38-book series by Elsie J. Oxenham

The Abbey Series of British novels by Elsie J. Oxenham comprises 38 titles which were published between 1914 and 1959. The first title, Girls of the Hamlet Club set the scene for the school aspects of the series, but it is the second title, The Abbey Girls, that introduces The Abbey – almost a character within the series in its own right – a romantic ruin that inspires love for it as a quiet, peaceful place, and creates the wish to behave in the public-spirited tradition of the early Cistercian monks. These qualities go some way towards explaining the popularity of the series.

==Background==
Girls of the Hamlet Club (1914) is set in Miss Macey's school in Wycombe and in the surrounding hamlets and villages. It tells how Cicely Hobart comes to Whiteleaf to be near her maternal grandparents. She has been living in a London suburb, but will now board with an old family servant, and go to school in Wycombe. She finds that the school is split into two sets, the 'real school' and the 'hamlets' who are mainly girls who have come to the school on scholarships, but live in the country hamlets, and cannot afford extras like the clubs, which set high subscriptions to keep them out. Cicely organises the outsiders into The Hamlet Club with a motto 'To be or not to be' from Shakespeare's Hamlet and the Whiteleaf Cross, a local landmark, as their badge. As the club develops, its members learn Morris and Country Dancing, and prepare a May Queen ceremony for Cicely's grandparents. The Hamlet Club comes to the rescue of the school when the leading actors in the school play come down with measles; they sacrifice their secret for the good of the school and Miriam Honor is crowned as the first Queen.

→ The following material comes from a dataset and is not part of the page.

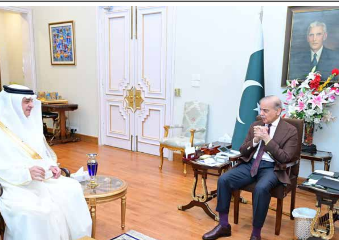
ISLAMABAD: Ambassador of Saudi Arabia to Pakistan Nawaf bin Saeed Al-Maliki called on Prime Minister Shehbaz Sharif at PM House.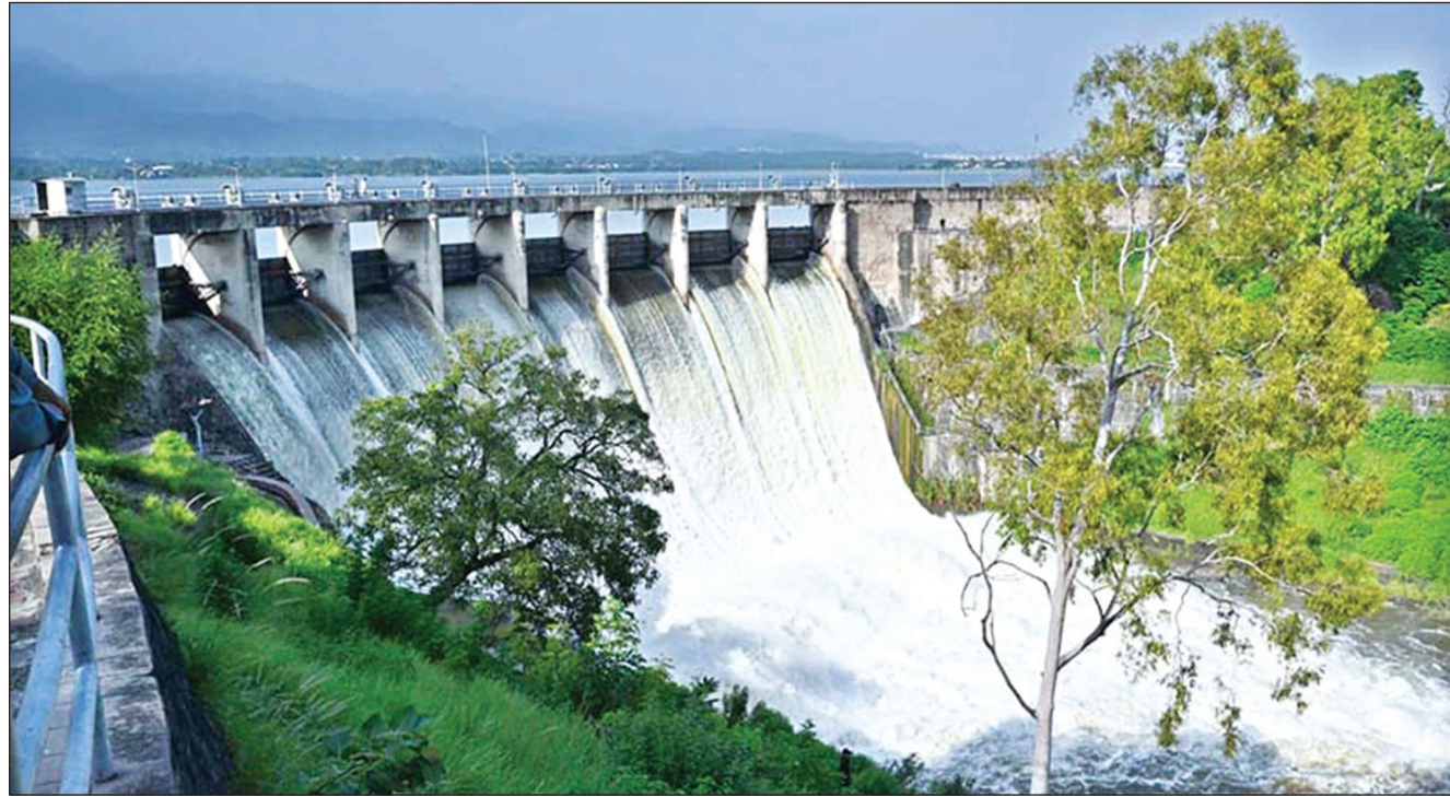
ISLAMABAD: Rawal Dam authorities open spillway of the reservoir after dam water level rose to alarming level due to heavy rain.

The Abbey Girls (1920) is the second title of the series, and tells of two red-headed cousins, Joan and Joy Shirley, and how, in different ways, they manage to get places at Miss Macey's School. These two characters are the original 'Abbey Girls' and the series continues with stories about them and the friends they make throughout, not only their schooldays, but also their adult lives. An early friend, Jen Robins, soon becomes a major character, and others, Jandy Mac, Rosamund and Maidlin, can all claim the sobriquet 'Abbey Girl'. By the end of the series these six are all married with children, and the adventures of the daughters of Joan, Joy, Jandy and Jen, at the same school, have come to the fore.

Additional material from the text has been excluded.